Mis padres acaban de celebrar sus 50 años de matrimonio. Unas bodas de oro que huelen a medio siglo. Que se dice rápido pero que cuesta llegar a ellas. 50 años les contemplan con sus dificultades y sus inmensas alegrías. Una historia difícil de repetir porque cada historia matrimonial es irrepetible.

En una sociedad cada vez más compleja, un matrimonio que dure tanto es un acontecimiento digno de reseñar. No es ni mejor, ni peor, es simplemente un milagro. Dos personas deciden unir sus vidas y afrontar todas las putadas que la vida les depara, y disfrutar las tremendas alegrías que supone vivir y dar vida. Porque la vida, esta vida finita, merece ser vivida en todos sus extremos, con todas sus vicisitudes.

Son mis padres. Me cuesta mucho hablar de ellos porque los amo con todas mis fuerzas. Porque gracias a ellos estoy en este mundo. Porque he tenido una infancia feliz, y siempre han estado a mi lado aun cuando han entendido que mi vida me ha llevado a vivir en varios sitios. Pero hoy estoy con ellos. Son mi familia, y disfruto el tiempo de añadido que el Señor le quiera dar a ellos.

Su vida ha sido pura entrega. Aún recuerdo cuando Filo, esa mujer socialista buena, iba a mi casa de las 300 Viviendas a enseñar a mi madre a leer y a escribir. A la misma vez que yo lo hacía en el cole. O el primer coche que recuerdo que mi padre trajo a casa después de años de trabajo en su propia empresa. Un hombre hecho a sí mismo que llegó a tener a más de 100 trabajadores laborando con él. Todos los recuerdos de mis padres se agolpan de una y me cuesta señalar alguno en concreto. Ni siquiera logro recordar los malos momentos, y los hubo, porque mi mente me ha hecho el favor de borrarlos del mapa. Sólo me vienen al recuerdo, discriminadamente, una retahíla de alegrías, fiestas, viajes, comidas? y poco amasamiento de bienes.

Sí, es verdad, que de los dos aprendí que dar era más importante que recibir. Que de aquí nadie se lleva ninguna propiedad, ni nada material, y que por tanto los momentos había que vivirlos como si de la última vez fuera. Así me enseñaron. Comer muy bien, disfrutar con los amigos, y vivir el momento se hizo en mí. No me arrepiento de ese aprendizaje natural y presente.

Mis padres se casaron en esa maravillosa parroquia de San Francisco de Sales de Elda.
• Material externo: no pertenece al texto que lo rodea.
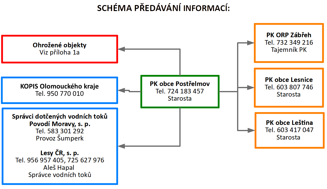 Zahájení činnosti povodňové komise obce Postřelmov včetně důvodů se musí vždy zapsat (datum a čas) do povodňové knihy a vyrozumí se o tom: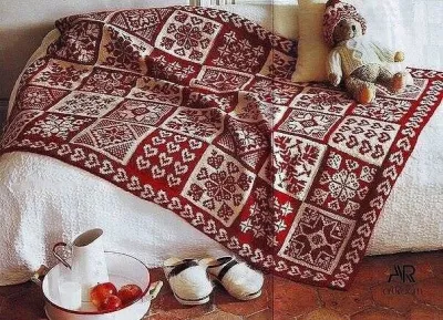 Очень интересный плед! Его бы двойным жаккардом связать! Вот только не умею, ни разу не пробовала.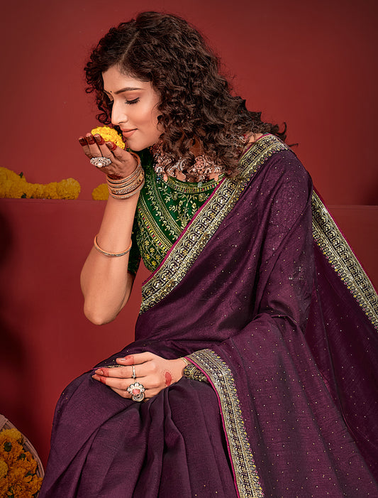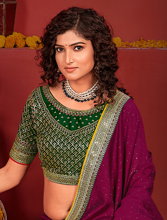 Ethnic Purple Vichitra Silk Saree With Green Heavy Work Blouse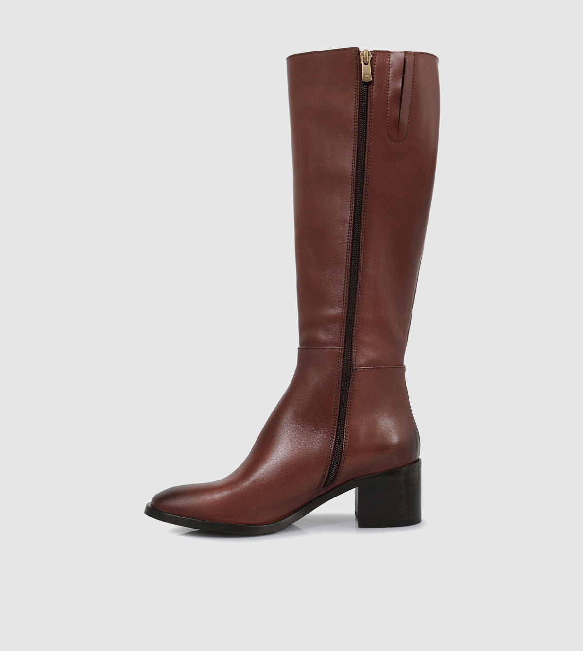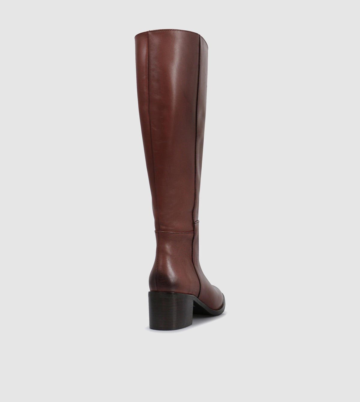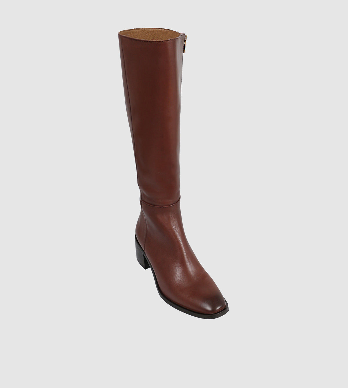 The Armonia Knee-high Boots by Sempre Di embody timeless elegance with a sleek, streamlined silhouette. Crafted from premium leather, these boots feature a softly rounded toe, smooth finish, and a mid-height block heel that offers both style and comfort. Designed to hug the calf for a flattering fit, they make a versatile addition to both day and evening ensembles.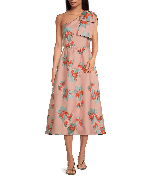 Abbey Glass Caroline Asymmetrical Neck Sleeveless Bow One Shoulder Bow Organza Jacquard Pocketed A-Line Dress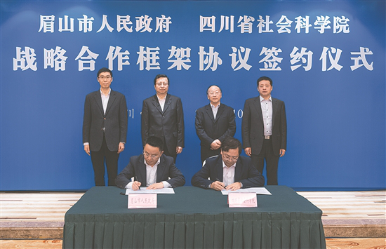 眉山市人民政府与四川省社会科学院签署战略合作框架协议。眉山网记者 杨槐 摄

Donde tantos curas nos enseñaron el camino de la reivindicación social y la justicia. Donde el cristianismo, que mis padres heredaron, era pensar en tu hermano como el hijo pródigo. De esa unión vinimos al mundo mi hermana Laura y yo. Y como dice mi hermana, como no encontramos a nadie para casarnos, mis padres se han casado dos veces. Hace 50 años, y ahora.

En este tiempo vino a casa mi hijo Miguel. Que es la bendición de Dios. Sí, es mi hijo, y es su nieto. Cada vez que dice «abuelo» o «abuela» se le llena la boca de agradecimiento. Siempre le digo a mi hijo que disfrute de cada momento con ellos mientras tenemos la dicha de tenerlos entre nosotros. Porque el destino siempre es el presente. Mis padres, los abuelos, derrochan todo el mismo amor con mi hijo Miguel, que volcaron con nosotros. Que mi padre volcó con sus trabajadores en la fábrica de calzado. Que mi madre volcó en Cáritas y en la cárcel donde periódicamente iba a consolar y atender a los presos. Que vertieron con sus amigos y familia.

Como decía San Juan de la Cruz: «Al atardecer de la vida, te examinarán del amor». En esa asignatura, mis padres tienen matrícula de honor. Si la vida, después de 50 años juntos, era amarse, misión cumplida. Si era que los que fuimos engendrados por ese amor, sigamos su ejemplo, se intentará. El amor lo puede todo. Y cuando la oscuridad llegue, la luz brotará. Tal y como ha ocurrido en estos 50 años de camino recorrido. Nada hay más bonito que tenerlos juntos y a nuestro lado. Gracias a Dios.